REQUIRED ACTION:
Pictures aside, quote the whole listing exactly.

MATERIAL PROVIDED:
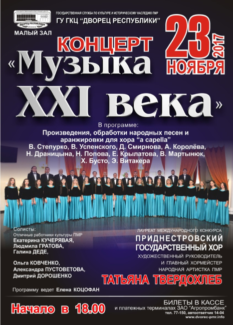 Тирасполь, 20 ноября. /Новости Приднестровья/. 23 ноября в малом зале Дворца Республики состоится сольный концерт приднестровского государственного хора «Музыка XXI века».
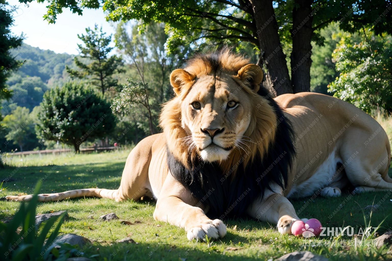 一只雄伟的狮子,全身覆盖着引人注目的黑红色条纹皮毛
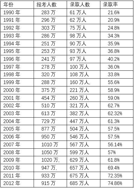 1990-2012年全国普通高校招生人数、录取人数及录取率:
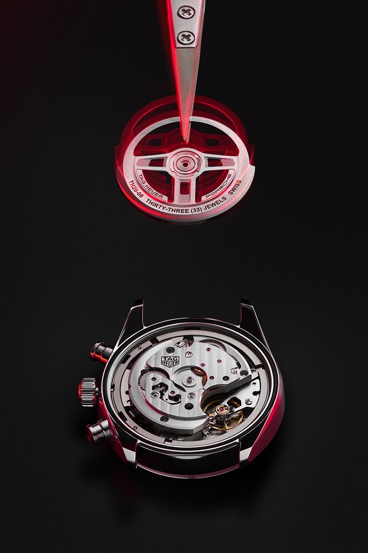 การออกแบบเชิงนวัตกรรมนี้ถือเป็นครั้งแรกสำหรับนาฬิกา TAG Heuer Carrera ที่มีความสามารถในการอ่านหลักเวลาบนหน้าปัดได้อย่างง่ายดายผ่านหน้ากระจกนาฬิกา พร้อมกับการมองเห็นกลไกซับซ้อนของนาฬิกาที่น่าสนใจได้ผ่านกระจกด้านหลังตัวเรือน อีกทั้ง ฝาหลังนาฬิกายังได้สร้างมวลเฉพาะจุดในการออกแบบเพื่อจำลองถึงพวงมาลัยรถยนต์จำนวนสามพวงที่เป็นไอคอนิกของ Porsche โดยเฉพาะ

TASK RESPONSE:
 Тирасполь, 20 ноября. /Новости Приднестровья/. 23 ноября в малом зале Дворца Республики состоится сольный концерт приднестровского государственного хора «Музыка XXI века».
 一只雄伟的狮子,全身覆盖着引人注目的黑红色条纹皮毛
 1990-2012年全国普通高校招生人数、录取人数及录取率:
 การออกแบบเชิงนวัตกรรมนี้ถือเป็นครั้งแรกสำหรับนาฬิกา TAG Heuer Carrera ที่มีความสามารถในการอ่านหลักเวลาบนหน้าปัดได้อย่างง่ายดายผ่านหน้ากระจกนาฬิกา พร้อมกับการมองเห็นกลไกซับซ้อนของนาฬิกาที่น่าสนใจได้ผ่านกระจกด้านหลังตัวเรือน อีกทั้ง ฝาหลังนาฬิกายังได้สร้างมวลเฉพาะจุดในการออกแบบเพื่อจำลองถึงพวงมาลัยรถยนต์จำนวนสามพวงที่เป็นไอคอนิกของ Porsche โดยเฉพาะ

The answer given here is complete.